▼

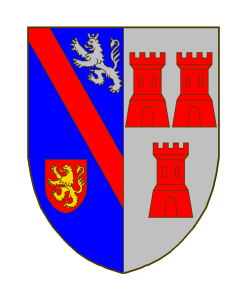 Parti au I d’azur à la bande de gueules, accompagnée en chef d’un lion d’argent, couronné, en pointe d’un écusson de gueules au lion d’or, au II d’argent à trois tours de gueules
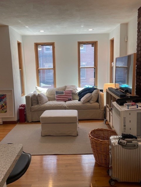 Located on a charming North End street, steps from Boston's historic Waterfront and the Rose Kennedy Greenway, this beautiful south facing one bedroom home exudes warmth and style. The entry foyer leads to a generous bow front living/dining room, which features gleaming hardwood floors, high ceilings, exposed brick, double closet and a wall of windows. The open style kitchen offers custom cabinets, new stainless appliances and a breakfast bar. The generous master bedroom has hardwood floors. A newly renovated bath features custom tile work, wainscoting detail. The building offers a large common roof deck with panoramic water and city views. There is professional off-site management. Battery Street is short walking distance from the cafes, shops, restaurants and historical sites of the exciting North End. It is convenient to the Financial District, public transportation, airport. Sorry, no pets, no smoking, no students. Due at signing: first month rent, security deposit, one month fee.
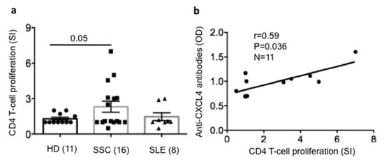 Disposing of PBMCs from the SSc patients of the replication cohort, we could test the proliferative response of SSc T-helper cells to CXCL4 by bromodeoxyuridine (BrdU) incorporation, as previously done with other autoantigens [,]. As shown in Figure 5a, six out of 16 (38%) SSc patients had T-cells that proliferated to CXCL4 (the gating strategy for proliferation assays is reported in Figure S2). The available SLE patients were also tested, showing that CXCL4 can also be immunogenic in SLE. This was plausible, given the past determination of autoantibodies to CXCL4 in SLE which concords with our present data []. HD PBMCs responded poorly to CXCL4. Despite the limited number of SSc patients tested, CXCL4-specific T-cell responses in SSc were significantly higher than those obtained in HD. Remarkably, a positive and significant correlation between the presence of autoantibodies and T-cell proliferation to CXCL4 was apparent (Figure 5b).
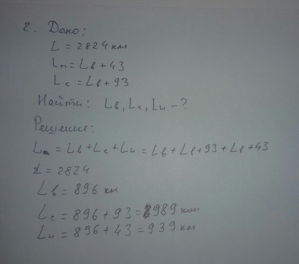 2) Lв=896 км, Lc=989 км, Lн=939 км
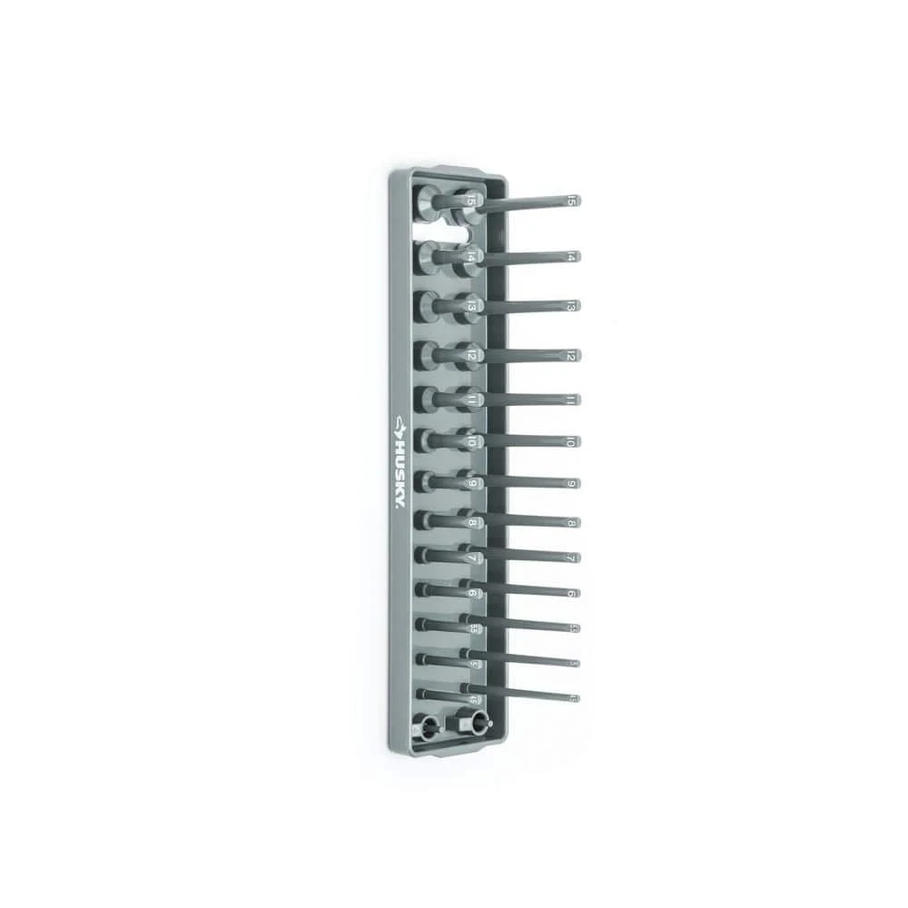 - Metric tray holds 28 sockets (14 deep and 14 shallow) covering sizes: 4 mm, 4.5 mm, 5 mm, 5.5 mm, 6 mm, 7 mm, 8 mm, 9 mm, 10 mm, 11 mm, 12 mm, 13 mm, 14 and 15 mm
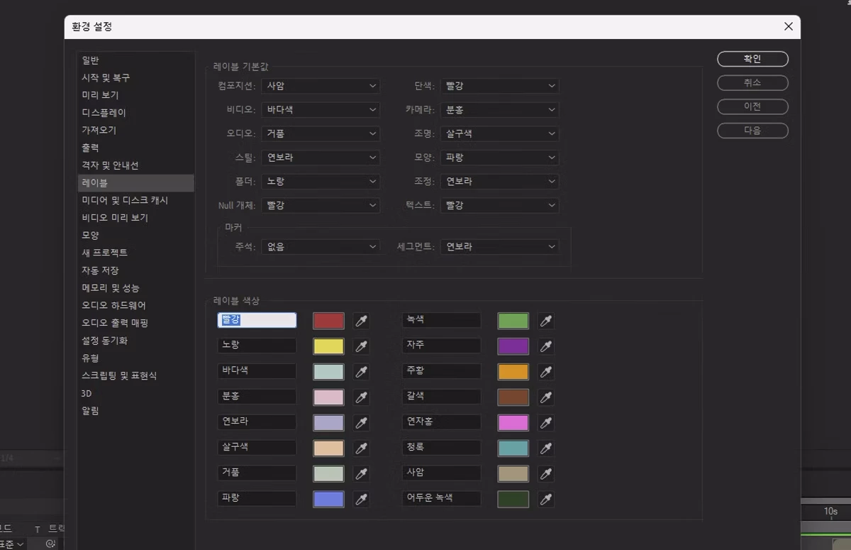 프로젝트 항목, 키프레임, 레이어 또는 컴포지션 마커 레이블에 설정할 색상을 쉽게 식별할 수 있습니다.
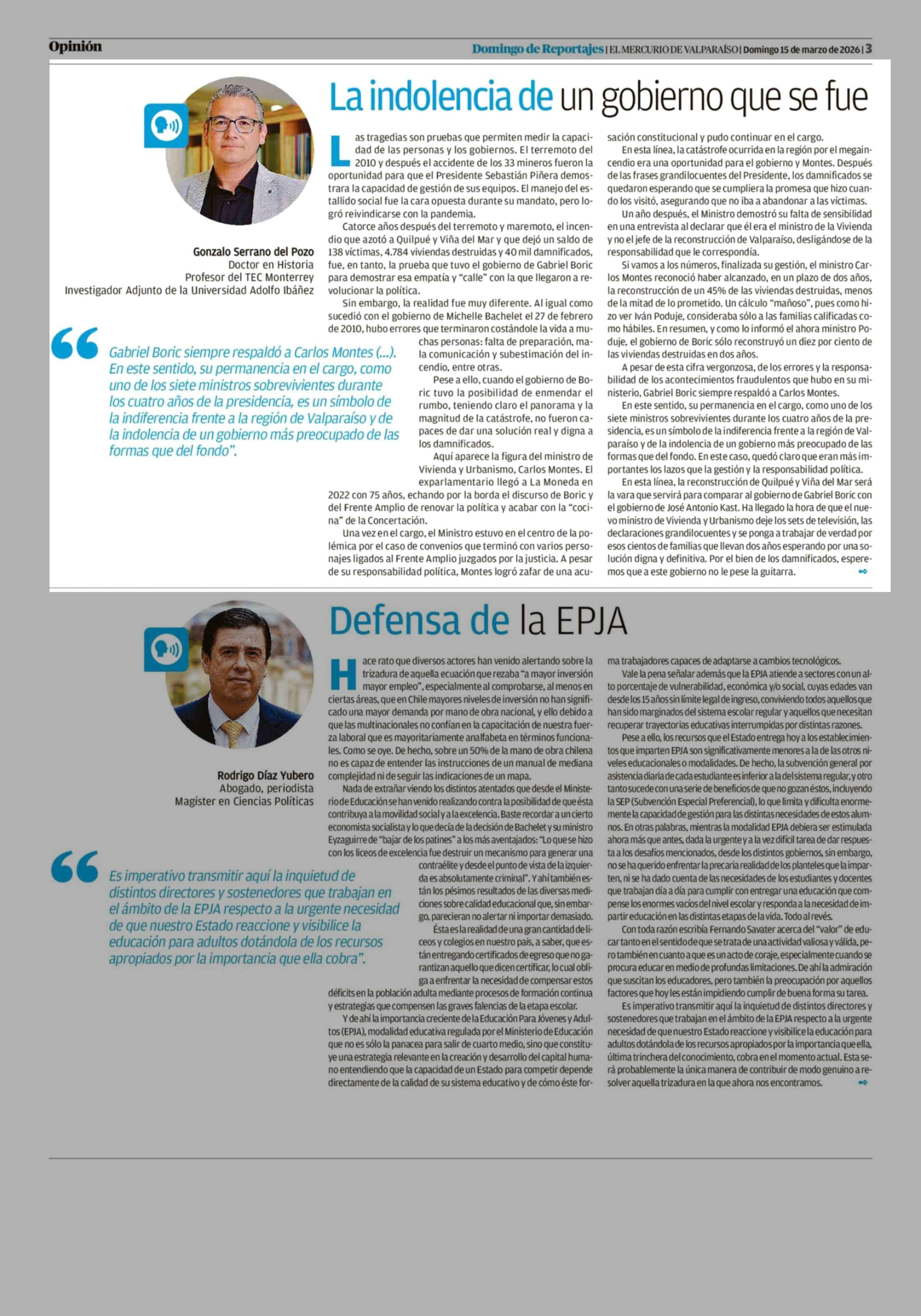 Columnas de Opinión: La indolencia de un gobierno que se fue 15-03-2026 El Mercurio de Valparaíso |
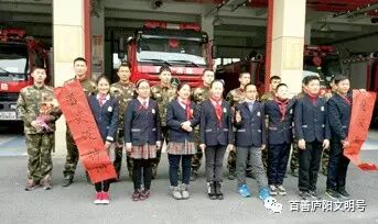 六(5)班和五(1)班的学生们在正月里分别去往庐阳消防大队和庐阳交通警察大队,慰问那些默默奉献的叔叔、阿姨们,向他们敬上最崇敬的队礼,戴上鲜艳的红领巾。
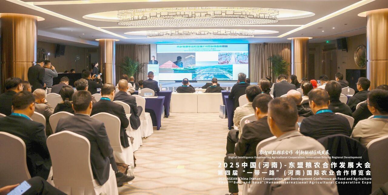 刘晓文向莅临会议的国内外来宾表示欢迎,向长期以来关心支持河南发展的各界朋友表示感谢,并以大牧场、大基地、大厨房、大市场为关键词对全省畜牧业进行了推介。一是大牧场。河南畜牧业历史传承“久”,是中国畜牧业起源地之一;饲草根基“牢”,常年农作物秸秆总量在1亿吨左右;产业集群“优”,拥有省级以上畜牧产业化龙头企业348家,省级以上畜牧产业园18个,国家级畜牧产业集群、畜牧产业园各3个。二是大基地。2024年河南省畜牧业产值达2610亿元,占全省农林牧渔业总产值1/4;全省肉蛋奶总产量1337万吨,约占中国总量的1/12;生猪饲养量超1亿头。三是大厨房。河南生猪、家禽、肉牛年屠宰加工能力均位居全国前列,已打造国家级农业品牌45个、省级知名农业品牌1479个,生产了全国1/2的火腿肠,7/10的水饺。四是大市场。河南自身近1亿人口,铁路运输3小时内覆盖中国53%以上人口,航空运输2小时内覆盖中国87%以上人口,市场空间巨大。河南与东盟资源各有优势,市场各有需求,合作基础好,需求匹配度高,希望下一步共同努力推动河南与东盟的合作从畜产品贸易“单点突破”,迈向种业、科技装备、人才培养等全产业链深度融合“全面开花”。
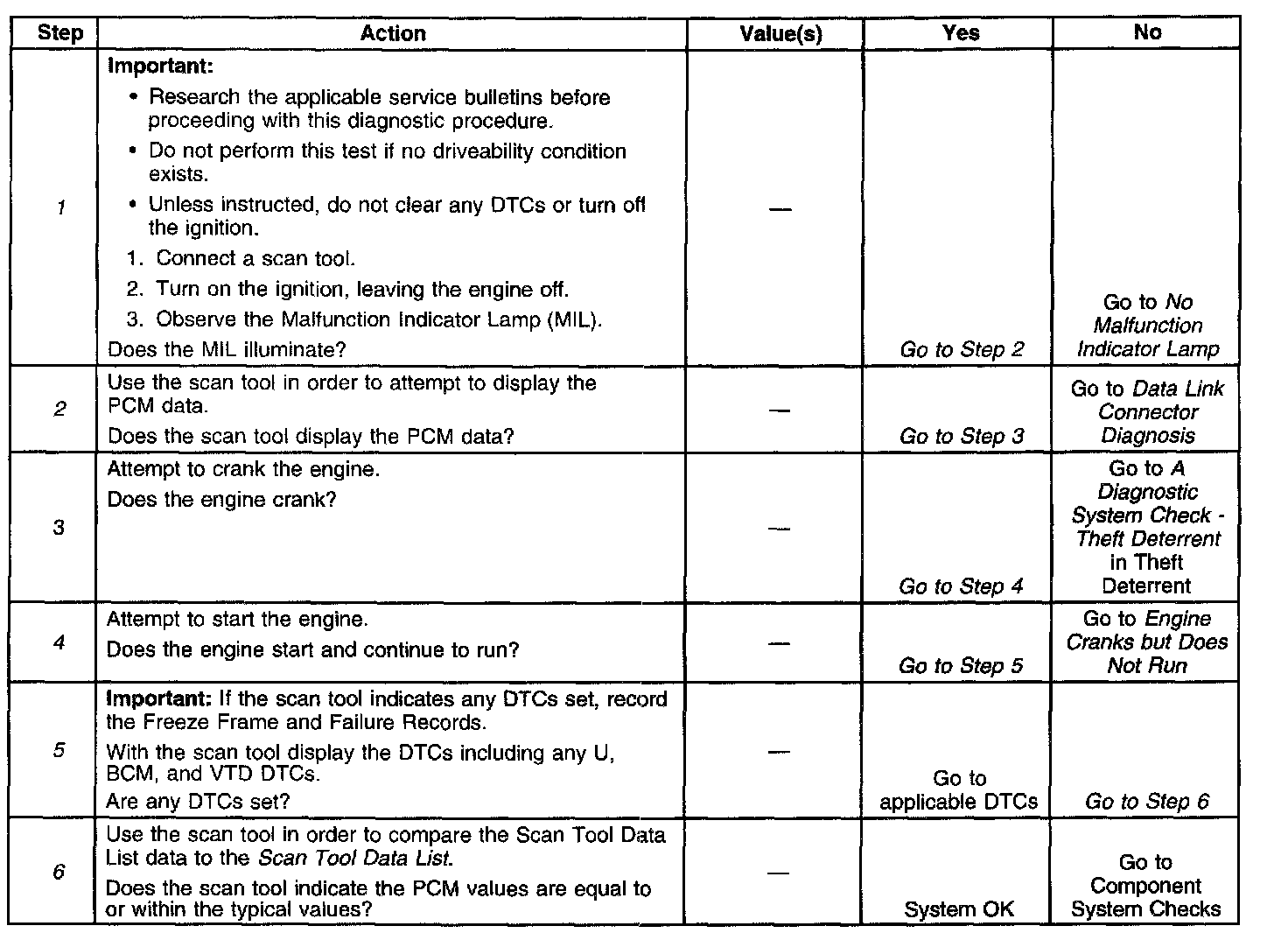 The Powertrain On-Board Diagnostic (OBD) System Check must be the starting point for any driveability complaint diagnosis. Before using this procedure, you should perform a careful visual/physical inspection of the PCM and engine grounds for being clean and tight. The Powertrain On-Board Diagnostic (OBD) System Check is an organized approach to identifying a problem created by an electronic engine control system malfunction

▲

_What you have to do_
Return the material exactly as given above, picture-free.

_Result for this task_
 Parti au I d’azur à la bande de gueules, accompagnée en chef d’un lion d’argent, couronné, en pointe d’un écusson de gueules au lion d’or, au II d’argent à trois tours de gueules
 Located on a charming North End street, steps from Boston's historic Waterfront and the Rose Kennedy Greenway, this beautiful south facing one bedroom home exudes warmth and style. The entry foyer leads to a generous bow front living/dining room, which features gleaming hardwood floors, high ceilings, exposed brick, double closet and a wall of windows. The open style kitchen offers custom cabinets, new stainless appliances and a breakfast bar. The generous master bedroom has hardwood floors. A newly renovated bath features custom tile work, wainscoting detail. The building offers a large common roof deck with panoramic water and city views. There is professional off-site management. Battery Street is short walking distance from the cafes, shops, restaurants and historical sites of the exciting North End. It is convenient to the Financial District, public transportation, airport. Sorry, no pets, no smoking, no students. Due at signing: first month rent, security deposit, one month fee.
 Disposing of PBMCs from the SSc patients of the replication cohort, we could test the proliferative response of SSc T-helper cells to CXCL4 by bromodeoxyuridine (BrdU) incorporation, as previously done with other autoantigens [,]. As shown in Figure 5a, six out of 16 (38%) SSc patients had T-cells that proliferated to CXCL4 (the gating strategy for proliferation assays is reported in Figure S2). The available SLE patients were also tested, showing that CXCL4 can also be immunogenic in SLE. This was plausible, given the past determination of autoantibodies to CXCL4 in SLE which concords with our present data []. HD PBMCs responded poorly to CXCL4. Despite the limited number of SSc patients tested, CXCL4-specific T-cell responses in SSc were significantly higher than those obtained in HD. Remarkably, a positive and significant correlation between the presence of autoantibodies and T-cell proliferation to CXCL4 was apparent (Figure 5b).
 2) Lв=896 км, Lc=989 км, Lн=939 км
 - Metric tray holds 28 sockets (14 deep and 14 shallow) covering sizes: 4 mm, 4.5 mm, 5 mm, 5.5 mm, 6 mm, 7 mm, 8 mm, 9 mm, 10 mm, 11 mm, 12 mm, 13 mm, 14 and 15 mm
 프로젝트 항목, 키프레임, 레이어 또는 컴포지션 마커 레이블에 설정할 색상을 쉽게 식별할 수 있습니다.
 Columnas de Opinión: La indolencia de un gobierno que se fue 15-03-2026 El Mercurio de Valparaíso |
 六(5)班和五(1)班的学生们在正月里分别去往庐阳消防大队和庐阳交通警察大队,慰问那些默默奉献的叔叔、阿姨们,向他们敬上最崇敬的队礼,戴上鲜艳的红领巾。
 刘晓文向莅临会议的国内外来宾表示欢迎,向长期以来关心支持河南发展的各界朋友表示感谢,并以大牧场、大基地、大厨房、大市场为关键词对全省畜牧业进行了推介。一是大牧场。河南畜牧业历史传承“久”,是中国畜牧业起源地之一;饲草根基“牢”,常年农作物秸秆总量在1亿吨左右;产业集群“优”,拥有省级以上畜牧产业化龙头企业348家,省级以上畜牧产业园18个,国家级畜牧产业集群、畜牧产业园各3个。二是大基地。2024年河南省畜牧业产值达2610亿元,占全省农林牧渔业总产值1/4;全省肉蛋奶总产量1337万吨,约占中国总量的1/12;生猪饲养量超1亿头。三是大厨房。河南生猪、家禽、肉牛年屠宰加工能力均位居全国前列,已打造国家级农业品牌45个、省级知名农业品牌1479个,生产了全国1/2的火腿肠,7/10的水饺。四是大市场。河南自身近1亿人口,铁路运输3小时内覆盖中国53%以上人口,航空运输2小时内覆盖中国87%以上人口,市场空间巨大。河南与东盟资源各有优势,市场各有需求,合作基础好,需求匹配度高,希望下一步共同努力推动河南与东盟的合作从畜产品贸易“单点突破”,迈向种业、科技装备、人才培养等全产业链深度融合“全面开花”。
 The Powertrain On-Board Diagnostic (OBD) System Check must be the starting point for any driveability complaint diagnosis. Before using this procedure, you should perform a careful visual/physical inspection of the PCM and engine grounds for being clean and tight. The Powertrain On-Board Diagnostic (OBD) System Check is an organized approach to identifying a problem created by an electronic engine control system malfunction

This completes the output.